Por lo general los hombres como en el box, se juntaban en una esquina de la pista de baile y las mujeres en la esquina opuesta, estudiándose mutuamente de manera meticulosa. Como para envalentonar a la gente y calentar el ambiente, los mozos o camareros comenzaban a ofrecer sendos vasitos de vidrio con pisco sour -por lo general tomado por los hombres- y vasitos con tragos de “fresita” o de algarrobina, por lo general consumido por las chicas. No existía y ni de lejos se ofrecía lo que hoy vemos en abundancia -servidos y autoservidos con total libertad en las reus y matrimonios de hoy- como tragos con ron, gin, vodka y menos shots de tequila o jager. Estos últimos ni existían. Por si acaso, el whisky solo era consumido por los señores padres y sus amigos, esto es, por los viejos.
Luego de consumir estos traguitos -aunque no faltaba uno que otro invitado que ya llevaba a la fiesta el trago en el estómago como guinda, ron puro o algún “preparado”, ¿brebaje?, de alguna licorería del barrio-, algún valiente sacaba a bailar a una chica y los demás lo seguían. La música hacía lo demás. Se bailaba sin parar música disco, rock & roll y salsa. Era lo que se bailaba, pero se bailaba. Luego también se comía: platos preparados, sanguchitos y dulces finos… y se continuaba bailando. Los más avezados hasta prendían un cigarrillo que otro y fumaban.
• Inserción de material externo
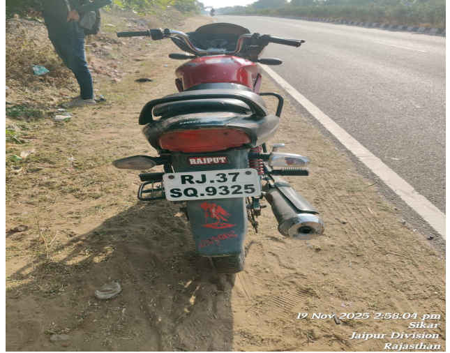
19 Nov 2025 2:58:04 pm Sikar Jaipur Division Rajasthan

La gente se divertía, chicos y chicas se iban conociendo, se obtenían números telefónicos como trofeos de guerra, de la chica que te gustaba. Algunos llevaban en el saco hasta libreta y lapicero para ello.
En fin, con mi amigo recordábamos esos “tonasos" que no se pueden comparar a los de hoy: los jóvenes bailaban y no paraban de bailar. También comían devorando todo a su paso y volvían a bailar. Hoy casi no hay fiestas -salvo algún matrimonio con recepción incluida- los quinceañeros casi han desaparecido -se prefiere un viaje y hasta una cirugía plástica, conozco casos- o, en todo caso, asistir a una cara discoteca que, por muy buena que sea, no se puede comparar a una buena fiesta. Acaso será verdad eso que dicen que, ¿cualquier tiempo pasado fue mejor? ¿Mis padres quizá dirían lo mismo de sus fiestas? ¡Quién sabe! Sea como sea y como bien concluía con cierta nostalgia mi buen amigo, definitivamente… “¡me quedo con mis fiestas!”